**Instructions to follow:** Set the data down exactly as it stands, and keep its pictures out.
--- Collected data ---
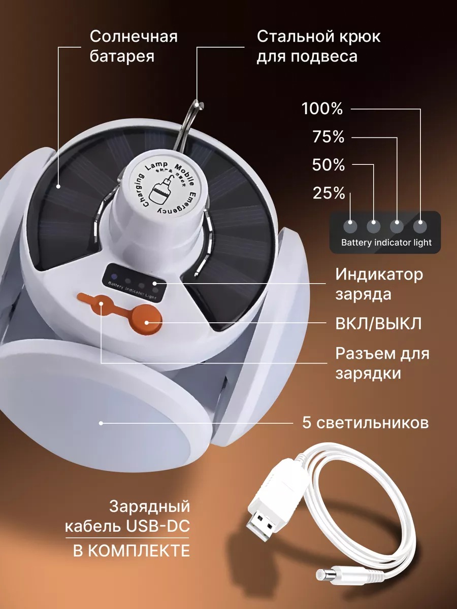 Мощные светодиодные лампы хорошо освещают окружающее пространство и при этом не будут раздражать глаза за счет матового стекла. Металлический крюк позволит подвесить фонарь садовый в палатке, под тентом или просто на сук дерева. Яркая светодиодная лампа проста в использовании, заряжается от сети – через USB шнур который входит в комплект или от встроенной солнечной батареи.
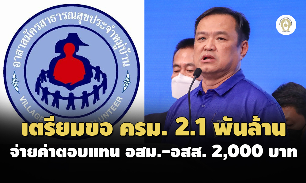 ผู้สื่อข่าวรายงานว่า เมื่อวันที่ 26 ก.ย.2565 น.ส.ไตรศุลี ไตรสรณกุล รองโฆษกประจำสำนักนายกรัฐมนตรี กล่าวว่า นายอนุทิน ชาญวีรกูล รองนายกรัฐมนตรี และ รมว.สาธารณสุข เตรียมเสนอคณะรัฐมนตรี (ครม.) ในวันที่ 27 ก.ย. เพื่อพิจารณาอนุมัติงบประมาณรายจ่ายปี 2565 งบกลาง รายการเงินสำรองจ่ายเพื่อกรณีฉุกเฉินหรือจำเป็น จำนวน 2,100.61 ล้านบาท เพื่อเป็นค่าตอบแทนให้แก่อาสาสมัครสาธารณสุขประจำหมู่บ้าน (อสม.) และอาสาสมัครสาธารณสุขกรุงเทพมหานคร (อสส.) รวม 1,050,306 คน ช่วงเดือน มิ.ย. – ก.ย. 65 รวม 4 เดือน ในอัตรา 500 บาทต่อคนต่อเดือน รวมเป็น 2,000 บาทต่อคน
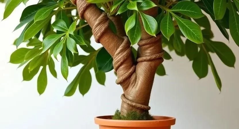 - Ствол: Ствол должен быть крепким и без повреждений. Если ствол заплетен в косичку, убедитесь, что она не слишком тугая и не сдавливает растение.
---
**Result below:**
 Мощные светодиодные лампы хорошо освещают окружающее пространство и при этом не будут раздражать глаза за счет матового стекла. Металлический крюк позволит подвесить фонарь садовый в палатке, под тентом или просто на сук дерева. Яркая светодиодная лампа проста в использовании, заряжается от сети – через USB шнур который входит в комплект или от встроенной солнечной батареи.
 ผู้สื่อข่าวรายงานว่า เมื่อวันที่ 26 ก.ย.2565 น.ส.ไตรศุลี ไตรสรณกุล รองโฆษกประจำสำนักนายกรัฐมนตรี กล่าวว่า นายอนุทิน ชาญวีรกูล รองนายกรัฐมนตรี และ รมว.สาธารณสุข เตรียมเสนอคณะรัฐมนตรี (ครม.) ในวันที่ 27 ก.ย. เพื่อพิจารณาอนุมัติงบประมาณรายจ่ายปี 2565 งบกลาง รายการเงินสำรองจ่ายเพื่อกรณีฉุกเฉินหรือจำเป็น จำนวน 2,100.61 ล้านบาท เพื่อเป็นค่าตอบแทนให้แก่อาสาสมัครสาธารณสุขประจำหมู่บ้าน (อสม.) และอาสาสมัครสาธารณสุขกรุงเทพมหานคร (อสส.) รวม 1,050,306 คน ช่วงเดือน มิ.ย. – ก.ย. 65 รวม 4 เดือน ในอัตรา 500 บาทต่อคนต่อเดือน รวมเป็น 2,000 บาทต่อคน
 - Ствол: Ствол должен быть крепким и без повреждений. Если ствол заплетен в косичку, убедитесь, что она не слишком тугая и не сдавливает растение.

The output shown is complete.